Bioluminescence imaging of bone formation using hairless osteocalcin-luciferase transgenic mice

Osteocalcin is a major noncollagenous protein component of bone extracellular matrix, synthesized and secreted exclusively by osteoblastic cells during the late stage of maturation. We introduced a 10 kb human osteocalcin enhancer/promoter (OC)-luciferase (Luc) construct into a hairless mouse line. Examination of tissue RNAs from these transgenic mice showed a predominant restriction of Luc mRNA expression to bone-associated tissues. Immunohistochemical staining of calvaria tissue sections revealed the localization of Luc protein to osteoblasts. Utilizing in vivo bioluminescence imaging, supplementation of 1α,25-dihydroxyvitamin D3 increased Luc activity throughout the skeleton, consistent with in vitro transient transfection studies in osteoblast-like cells. Moreover, we observed an abrupt decrease in bioluminescence activity as the mice reached puberty, and a further decrease gradually thereafter. Using a radius skeletal repair model, we observed enhanced bioluminescence at the fracture site in both young (14-22 weeks old) and aged (50-66 weeks old) mice. However, peak bioluminescence was delayed in aged mice compared with young mice, suggesting retarded osteocalcin expression with aging. Our in vivo imaging system may contribute to the therapy and prevention of various bone metabolic disorders through its effective monitoring of the bone formation process.

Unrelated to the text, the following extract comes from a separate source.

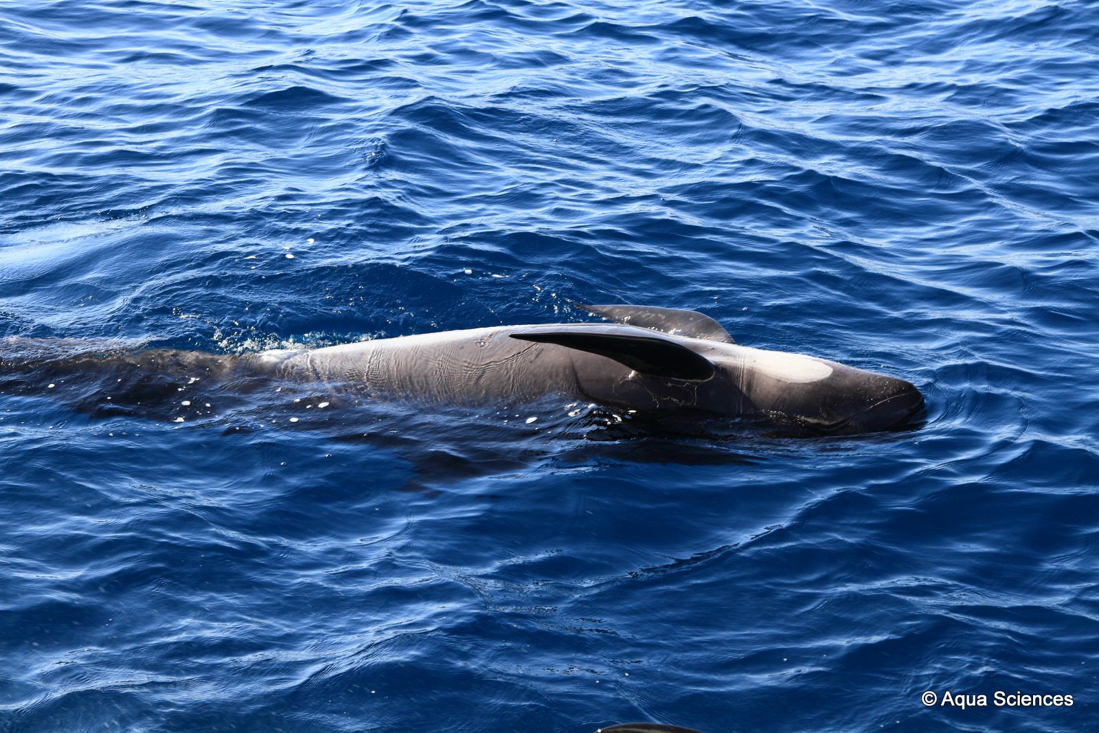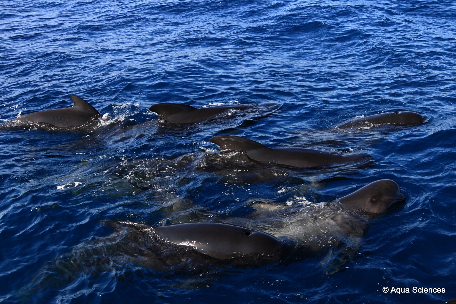 Quelle fut notre surprise lorsque le capitaine annonce “Dauphins, Dauphins!! c’est des globicéphales!!!”..;Nous affalons rapidement les voiles et faisons très rapidement les manœuvres pour les rejoindre…Nous passerons au moins une heure en leur compagnie.
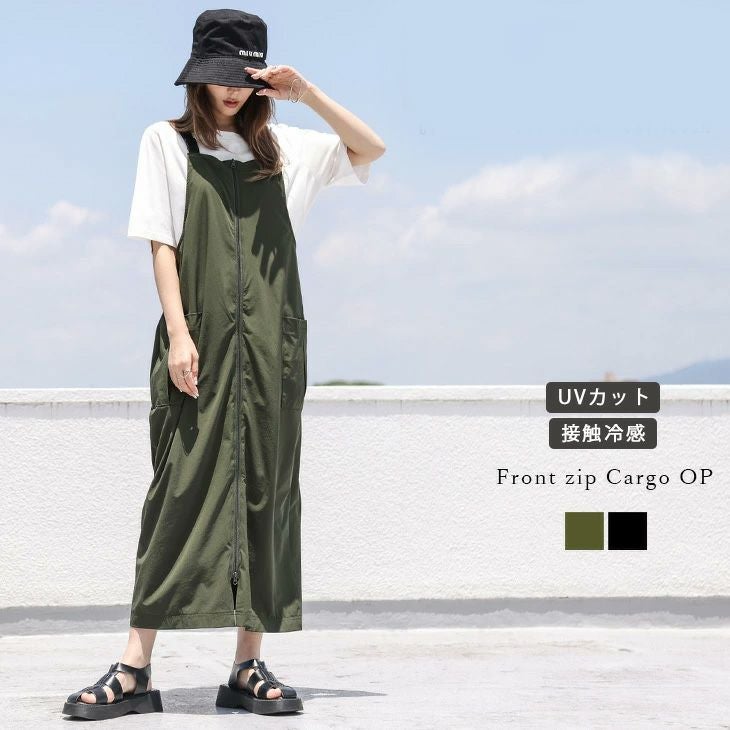 [AMELY by La-gemme]カーゴワンピース フロントジップ ラッシュガード [AMELY by La-gemme]カーゴワンピース フロントジップ ラッシュガード サスペンダー ロング 速乾性 接触冷感 UVカット 海 リゾート フリーサイズ メール便 2025春夏新作 【awp301-583】【即納:1-5営業日】【送料無料】ユ込3

► In vivo bioluminescence imaging is useful in the study of bone development and regeneration. ► A hairless transgenic mouse line that expresses luciferase under the control of osteocalcin enhancer/promoter sequences was established. ► The hairless background enabled easy analysis of bone formation activity through bioluminescence in the entire mouse. ► We identified abrupt decrease in bone formation activity as the mice reached puberty and gradual further decreases with age. ► Retarded osteocalcin expression during fracture healing in aged mice, as compared with young mice, suggests age-related impairment of healing.